• WORK TO COMPLETE:
After locating the line with "ボトルの中にご飯をかなり少な", set down that line and all the lines that follow it, unchanged, to the end of the records; omit the pictures.

• GIVEN ENTRIES:

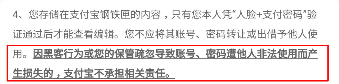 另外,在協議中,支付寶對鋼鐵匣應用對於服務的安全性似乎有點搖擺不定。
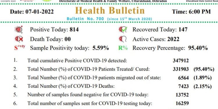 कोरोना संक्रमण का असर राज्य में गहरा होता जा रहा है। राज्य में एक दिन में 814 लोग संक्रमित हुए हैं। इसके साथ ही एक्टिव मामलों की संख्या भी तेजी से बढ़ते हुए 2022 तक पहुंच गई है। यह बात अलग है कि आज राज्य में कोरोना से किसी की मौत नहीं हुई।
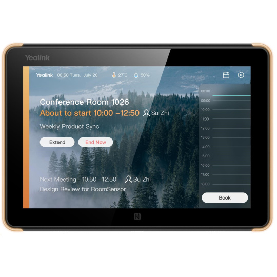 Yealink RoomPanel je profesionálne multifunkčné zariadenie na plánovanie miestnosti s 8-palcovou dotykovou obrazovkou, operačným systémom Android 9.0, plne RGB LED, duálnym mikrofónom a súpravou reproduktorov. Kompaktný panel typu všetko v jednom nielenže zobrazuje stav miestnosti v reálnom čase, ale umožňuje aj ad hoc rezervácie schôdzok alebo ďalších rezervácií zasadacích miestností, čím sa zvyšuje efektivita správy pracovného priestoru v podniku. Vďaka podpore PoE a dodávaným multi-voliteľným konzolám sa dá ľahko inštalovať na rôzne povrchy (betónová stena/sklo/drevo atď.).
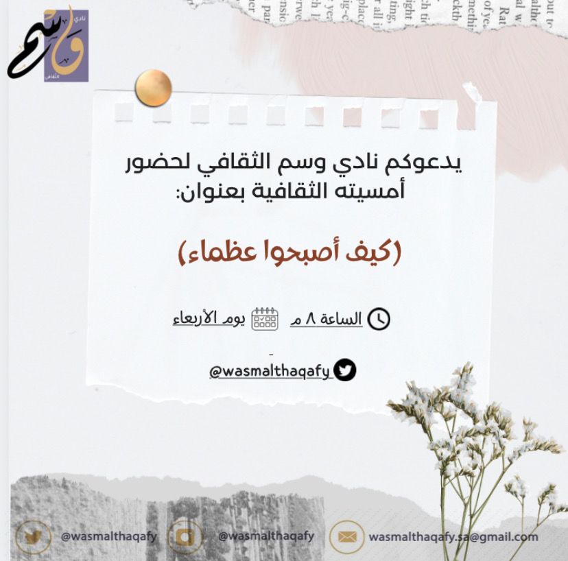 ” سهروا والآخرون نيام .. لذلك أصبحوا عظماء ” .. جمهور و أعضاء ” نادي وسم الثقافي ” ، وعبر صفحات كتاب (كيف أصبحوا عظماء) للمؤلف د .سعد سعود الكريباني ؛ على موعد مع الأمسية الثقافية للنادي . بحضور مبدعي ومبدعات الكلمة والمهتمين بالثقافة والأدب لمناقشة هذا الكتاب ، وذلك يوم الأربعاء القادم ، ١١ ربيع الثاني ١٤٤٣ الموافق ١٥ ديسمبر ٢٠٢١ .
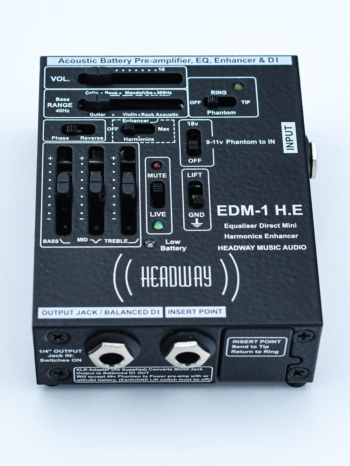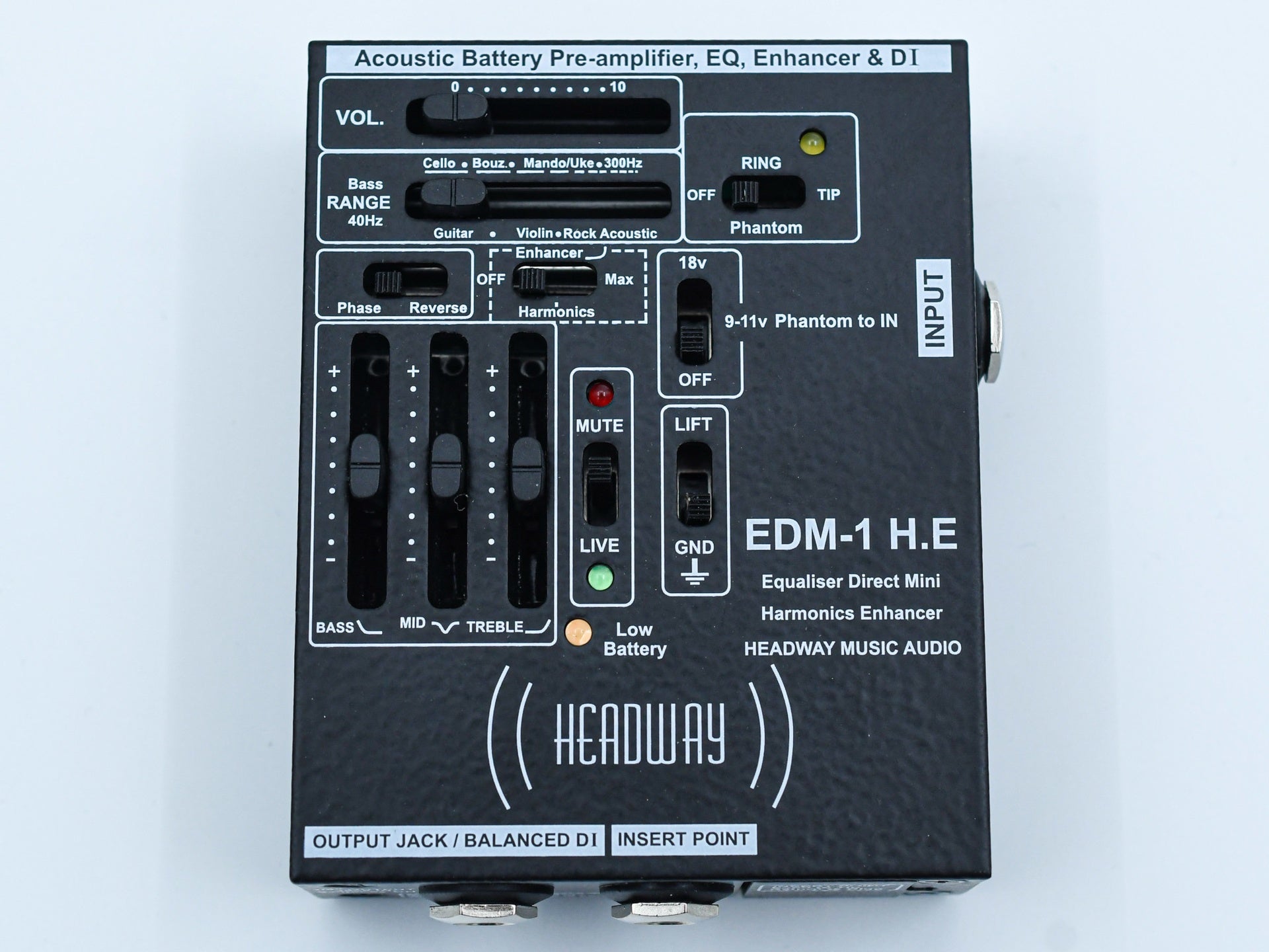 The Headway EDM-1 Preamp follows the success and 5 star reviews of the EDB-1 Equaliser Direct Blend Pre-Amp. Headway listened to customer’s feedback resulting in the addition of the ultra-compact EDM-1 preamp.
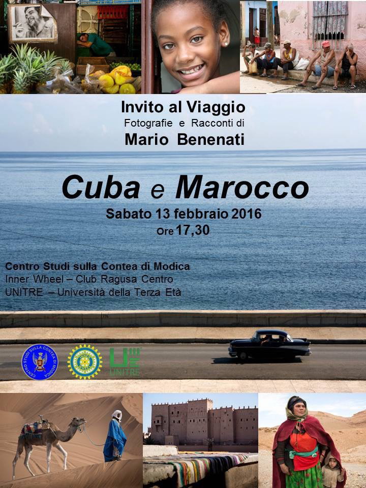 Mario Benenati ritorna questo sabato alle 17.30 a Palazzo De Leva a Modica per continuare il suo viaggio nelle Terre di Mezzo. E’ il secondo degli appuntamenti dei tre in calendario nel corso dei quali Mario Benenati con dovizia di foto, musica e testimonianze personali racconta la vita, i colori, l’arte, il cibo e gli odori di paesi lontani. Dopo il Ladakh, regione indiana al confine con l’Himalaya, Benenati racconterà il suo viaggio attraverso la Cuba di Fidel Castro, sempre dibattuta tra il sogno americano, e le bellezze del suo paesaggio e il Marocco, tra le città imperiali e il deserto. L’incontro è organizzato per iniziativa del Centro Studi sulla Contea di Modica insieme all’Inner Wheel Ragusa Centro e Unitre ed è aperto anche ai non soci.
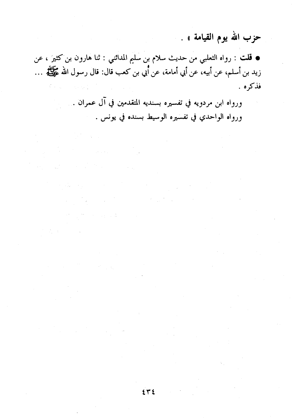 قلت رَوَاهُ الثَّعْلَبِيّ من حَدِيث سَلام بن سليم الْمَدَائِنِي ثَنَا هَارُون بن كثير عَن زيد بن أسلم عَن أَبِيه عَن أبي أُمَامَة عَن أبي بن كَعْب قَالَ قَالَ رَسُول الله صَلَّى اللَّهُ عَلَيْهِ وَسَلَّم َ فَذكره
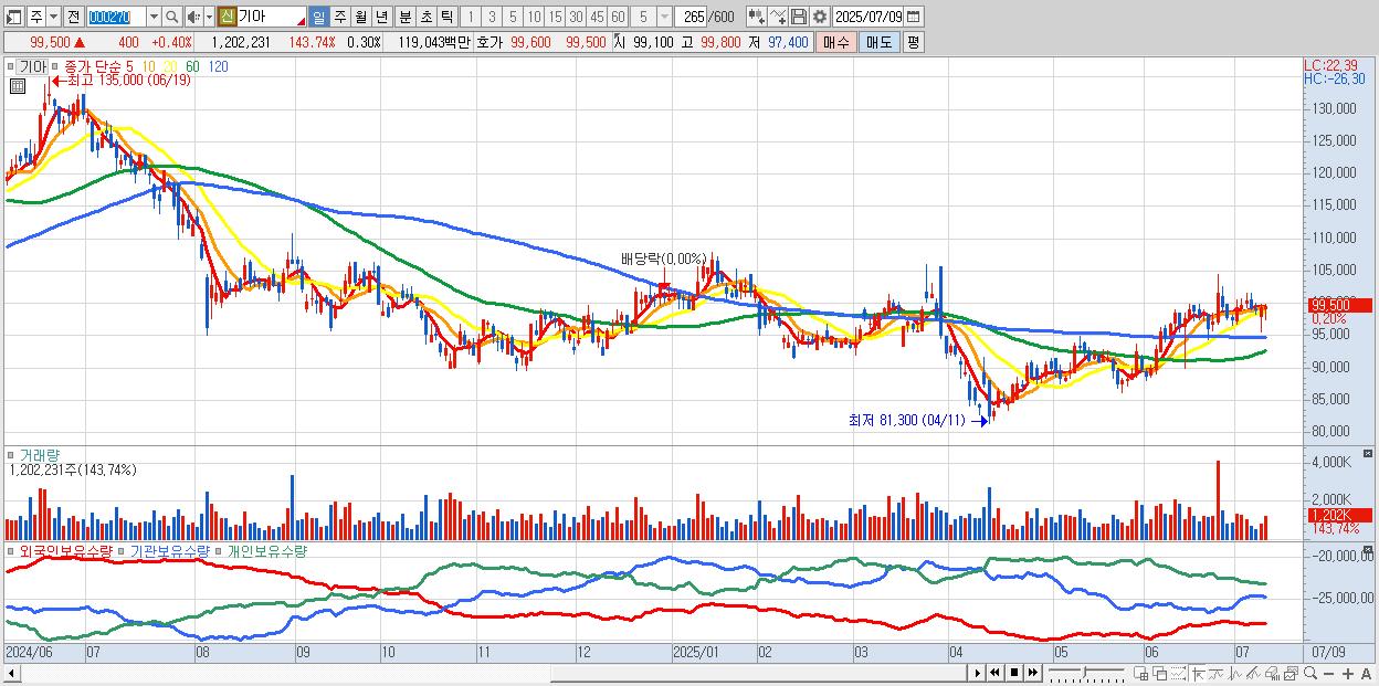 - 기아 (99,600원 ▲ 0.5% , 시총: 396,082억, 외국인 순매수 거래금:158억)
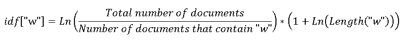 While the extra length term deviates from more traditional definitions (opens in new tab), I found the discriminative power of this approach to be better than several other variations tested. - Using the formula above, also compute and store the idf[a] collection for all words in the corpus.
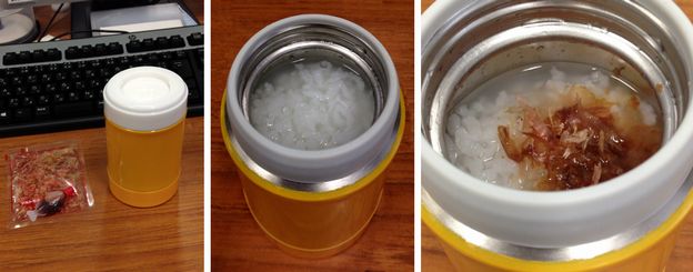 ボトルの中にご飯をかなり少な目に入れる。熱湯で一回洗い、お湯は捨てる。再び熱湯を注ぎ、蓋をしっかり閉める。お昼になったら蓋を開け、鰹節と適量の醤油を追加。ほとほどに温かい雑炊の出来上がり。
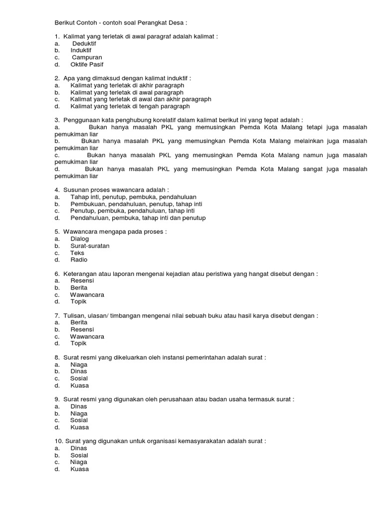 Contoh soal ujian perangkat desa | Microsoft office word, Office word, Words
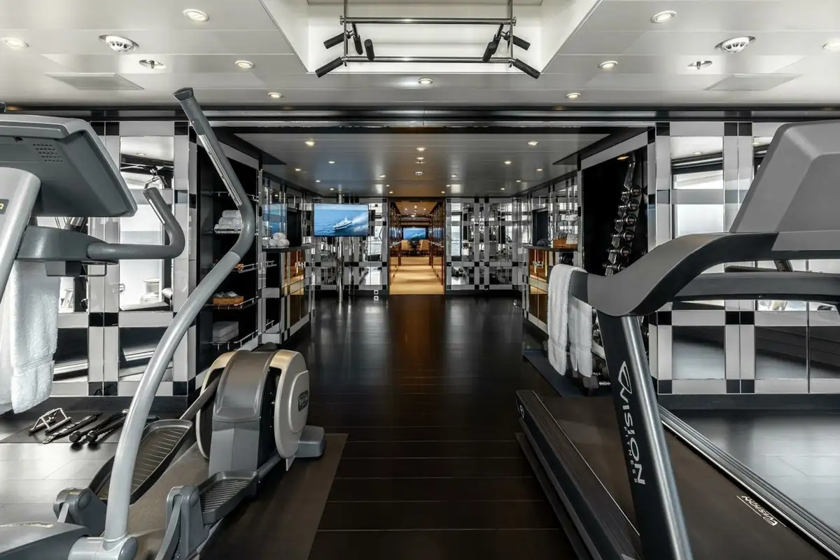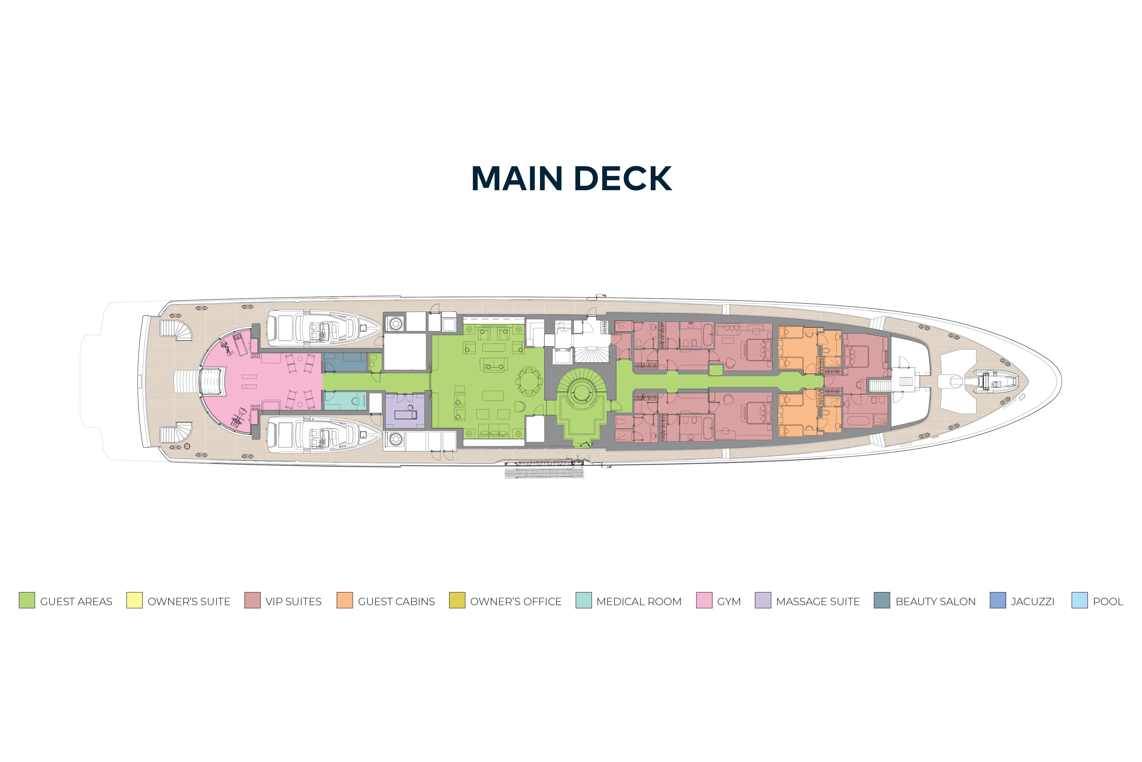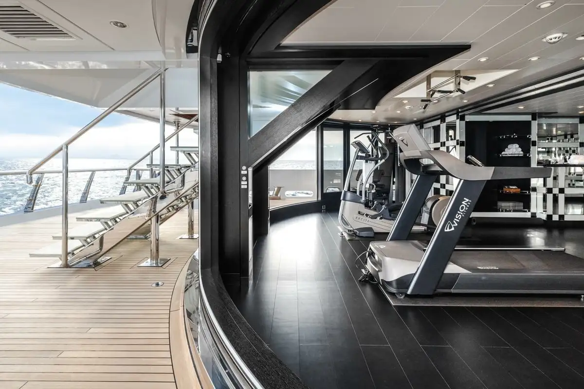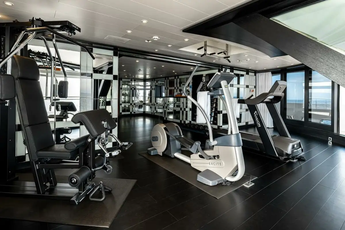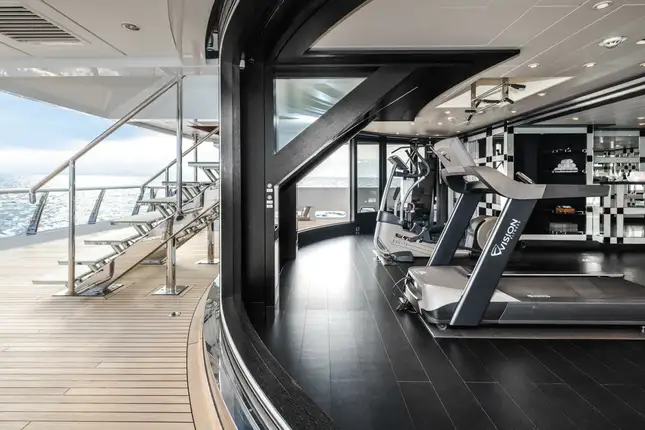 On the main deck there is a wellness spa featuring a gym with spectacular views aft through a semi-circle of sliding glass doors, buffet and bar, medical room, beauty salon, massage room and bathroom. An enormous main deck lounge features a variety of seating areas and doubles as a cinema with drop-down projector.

• YOUR RESPONSE:
 ボトルの中にご飯をかなり少な目に入れる。熱湯で一回洗い、お湯は捨てる。再び熱湯を注ぎ、蓋をしっかり閉める。お昼になったら蓋を開け、鰹節と適量の醤油を追加。ほとほどに温かい雑炊の出来上がり。
 Contoh soal ujian perangkat desa | Microsoft office word, Office word, Words
 On the main deck there is a wellness spa featuring a gym with spectacular views aft through a semi-circle of sliding glass doors, buffet and bar, medical room, beauty salon, massage room and bathroom. An enormous main deck lounge features a variety of seating areas and doubles as a cinema with drop-down projector.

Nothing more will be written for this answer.